Targeting the lipid desaturation network in cancer: from metabolic plasticity to precision therapeutics
摘要
Lipid desaturation is a fundamental biochemical process essential for maintaining membrane fluidity, energy storage, and cellular signaling. It is increasingly recognized that this homeostatic network is frequently dysregulated by malignant cells to support proliferation, evade programmed cell death, and facilitate immune evasion. There are two primary lipid desaturation pathways: the conversion of saturated fatty acids (SFAs) to monounsaturated fatty acids (MUFAs) by stearoyl-CoA desaturase 1 (SCD1), and the biosynthesis of long-chain polyunsaturated fatty acids (LC-PUFAs) via the fatty acid desaturases (FADS). This review explores how tumors utilize the SCD1 axis to mitigate lipotoxic endoplasmic reticulum (ER) stress and ferroptosis. Furthermore, we discuss how the FADS axis presents a distinct metabolic paradox: while it promotes oncogenic signaling and structural plasticity, it concurrently creates an actionable vulnerability to ferroptosis by enriching membranes with peroxidation-prone PUFAs. This metabolic rewiring provides a strong biological rationale for precision therapeutics.

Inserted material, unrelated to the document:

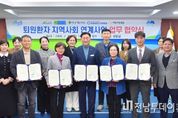 전남투데이 이현승 기자 | 장성군이 최근 지역 내 의료기관과 ‘퇴원 환자 지역사회 연계사업’ 업무협약을 체결했다. 장성군청 상황실에서 열린 협약식에는 김한종 군수와 고명숙 장성병원 이사장, 장원채 장성혜원병원장, 김경옥 장성공립노인전문요양병원 대표이사, 이승윤 백양요양병원 행정부장 등 10여 명이 참석했다. 이번 협약은 오는 27일로 예정된 의료·요양 통합돌봄사업 시행에 앞서, 병원 치료를 끝낸 환자가 가정 복귀 이후에도 돌봄 서비스를 받을 수 있도록 시스템을 갖추기 위해 추진됐다. 협약에 따라 5개 기관은 △퇴원 환자의 가정 복귀를 위한 의료·돌봄 통합지원 대상 연계 및 홍보 △지역주민 건강 증진을 위한 분야별 서비스 제공 및 기타 정보 공유 △통합지원서비스 대상자 발굴 등을 적극 협력할 예정이다. 협약 의료기관이 퇴원 예정 환자 가운데 신체 기능 등을 고려해 돌봄 서비스 대상자를 선별하면 장성군은 자체 조사를 통해 통합돌봄지원 대상자를 최종 선정하고, 필요한 의료·요양·돌봄 서비스를 제공하게 된다. 김한종 장성군수는 “의료·요양·돌봄이 유기적으로 연결된 통합돌봄체계를 차질 없이 구축
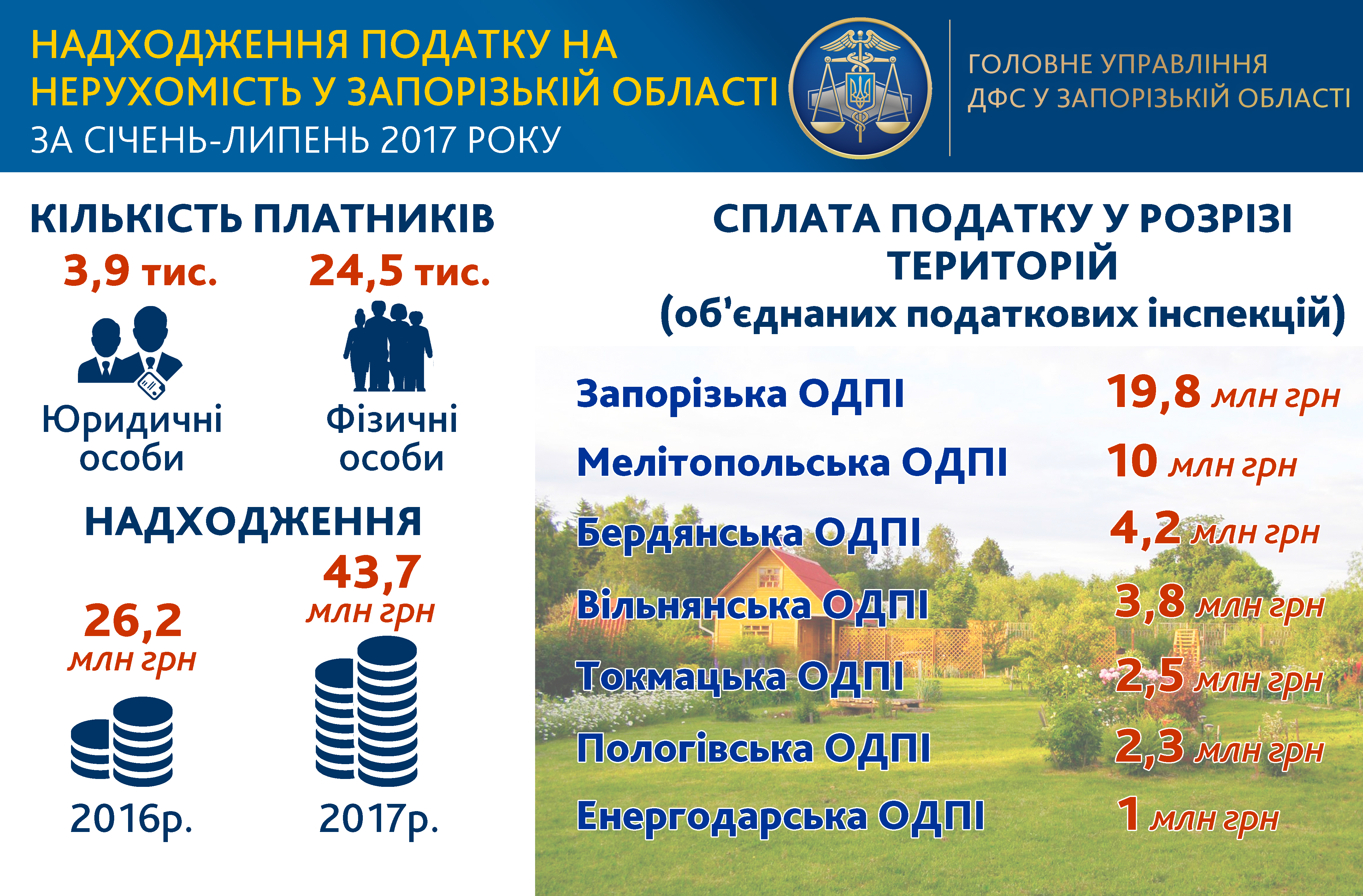 За семь месяцев 2017 года в местные бюджеты Запорожья и области поступило 43,7 миллиона гривен налога на недвижимое имущество. Уровень прошлого года превышен на 17,6 миллиона, а ожидаемую сумму на текущий год — почти вдвое. Об этом сообщили в пресс-службе ГУ ГФС в Запорожской области

We trace the clinical development of desaturase inhibitors, highlighting the recent entry of SCD1 inhibitor, MTI-301, in a Phase 1 clinical trial for solid tumors and the potential repurposing of Aramchol, while detailing how FADS2 plasticity (the “sapienic shunt”) drives therapeutic resistance. By integrating these insights into desaturation lipidomics, metabolic modulation via diet-drug interactions, synergistic combination regimens, and stimuli-responsive nanomedicine, we highlight the translational potential of targeting lipid desaturation to overcome metabolic plasticity and treatment resistance in aggressive malignancies.